Freight Car Friday – Boxcars

26 08 2011

The boxcar has been around since the earliest days of railroading. The basic form has remained relatively constant since the 1830s, but boxcars have seen many adaptations over the centuries. Originally boxcars hauled just about everything that needed protection from the elements. They remain among the most common cars on the rails today.

The General Service Boxcar

The Pulman Standard PS-1 represented the most common type of boxcar in service for much of the 20th Century. Even "boxcar red" became a standard color - although there were many shades.

Basic boxcars are just that, large boxes on wheels usually with a door on each side. Originally constructed of wood, the addition of steel components began in the early 20th Century. Wood and composite cars were still comonly seen in service into the 1950s. From the 1920s to the  1960s, the most common size boxcar was 40 feet in length.  Longer cars for more speciallized loads like finished automobiles began showing up as early as the 1930s. Today’s general service cars are 50 to 60 feet in length.

The standard no-frills boxcar offered tremendous flexibility in service. Lumber, bagged foods, finished manufactured goods, paper and more could all share the same car. This meant more loading opportunities and less empty moves.
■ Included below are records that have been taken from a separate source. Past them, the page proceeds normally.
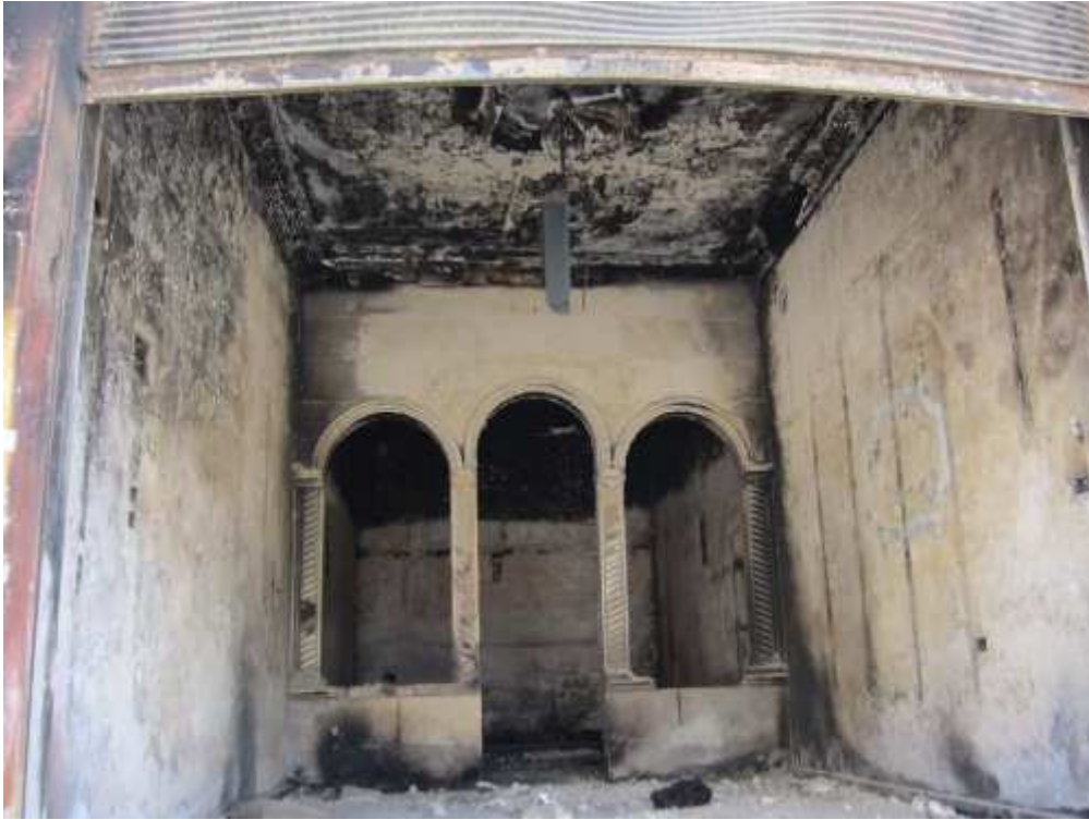
A burned-out shop in Sarmin.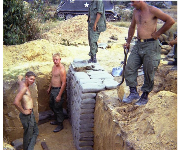
Dau Tieng bunker building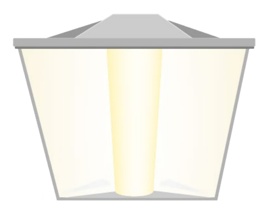
Figure 3: Isometric view of a troffer with a luminous basket and luminous panels on each side. The luminous shape would be represented by a 2D luminous rectangle because a complex shape is not permissible in LM-63.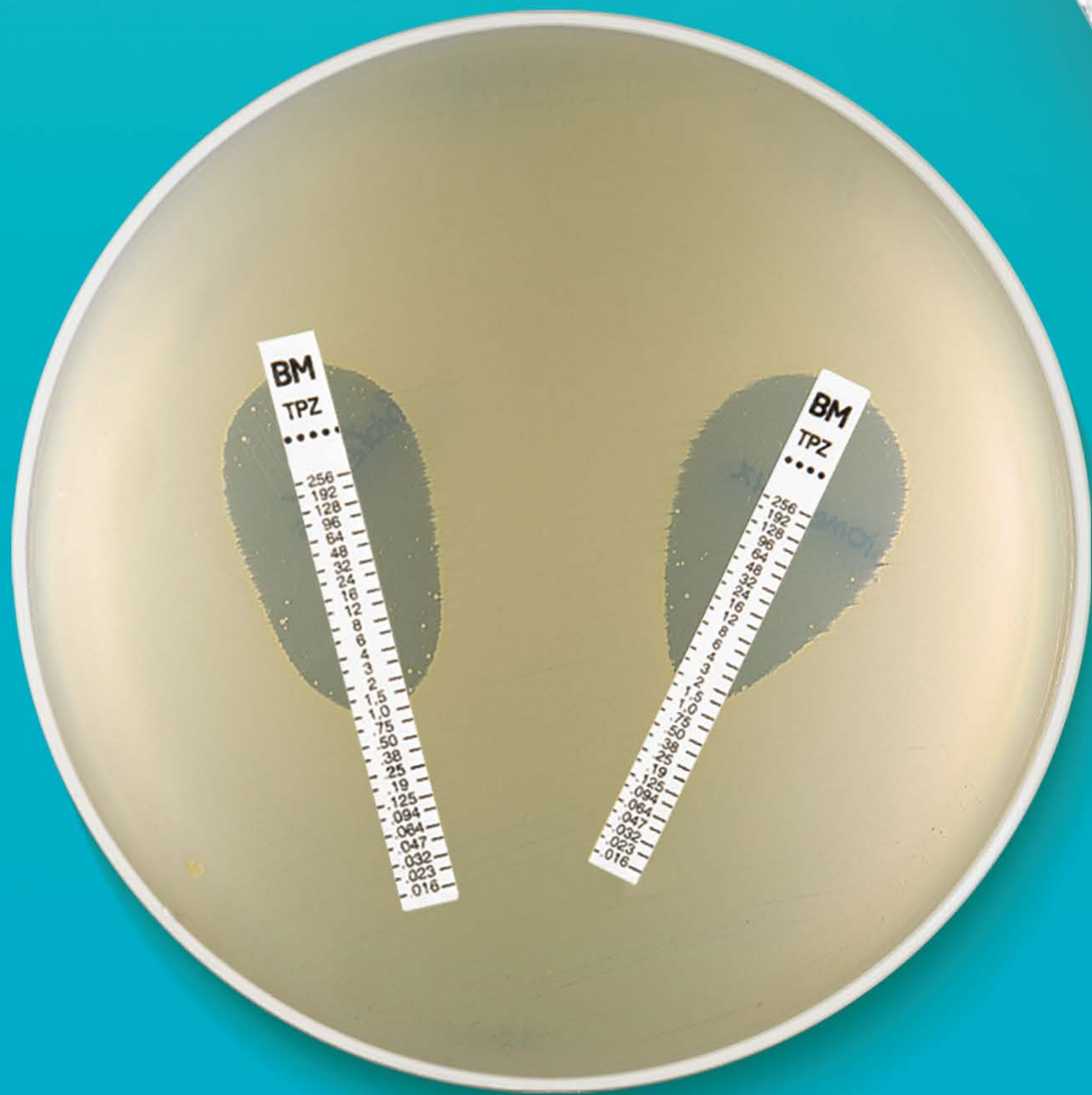
Piperacillin / Tazobactam S. Aureus ATCC 29213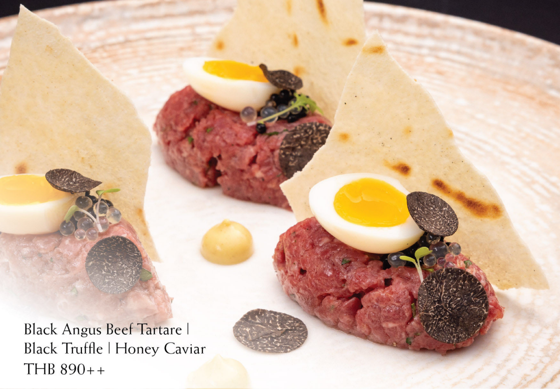
Black Angus Beef Tartare | Black Truffle | Honey Caviar THB 890++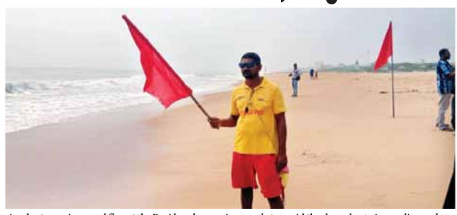
A volunteer raises a red flag at the Puri beach, warning people to avoid the shore due to impending cyclone

Cyclone Dana, a severe cyclonic storm, is on course to make landfall along the Odisha coast between Puri and the Sagar Islands late on October 24 or early following morning, according to the India Meteorological Department (IMD).

Some loads required extra care however.

Adaptations and Specializations

The "waffle side" cars featured protrusions on the exterior which held load tie-downs on the interior. Some railroads used boxcars as rolling billboards with dynamic graphics.

For better service, railroads began equipping boxcars with special equipment to better handle different loads. Sometimes these modifications couldn’t be seen from the outside like insulation and special load dividers / restraints on the interior walls. More noticeable but still moderate changes included larger or extra doors, special couplers and draft gear to cushion the car and extended heights.

Some boxcars were modified even further. Roof loading doors were added for grain, flour and clay service cars. This provided a car that was usefull during seasonal harvests but could be kept in service all year long. Insulated cars were useful for temperature-sensitive loads like foods that required stable conditions but not refrigeration. In the 1960s, enormous cars up to 86 feet in length began shipping light-density autoparts.

A gigantic autoparts boxcar gets some attention on the RIP track before heading out for another load of carody panels. Two 40' PS-1's would fit inside comfortably.

Over the past 60 years, more specialized cars like covered hoppers, autoracks and centerbeam flatcars have replaced many of these boxcars.  And trucking has also had a large impact on boxcar ladings. Even still, the classic boxcar will remain a common sight on the rails for decades to come.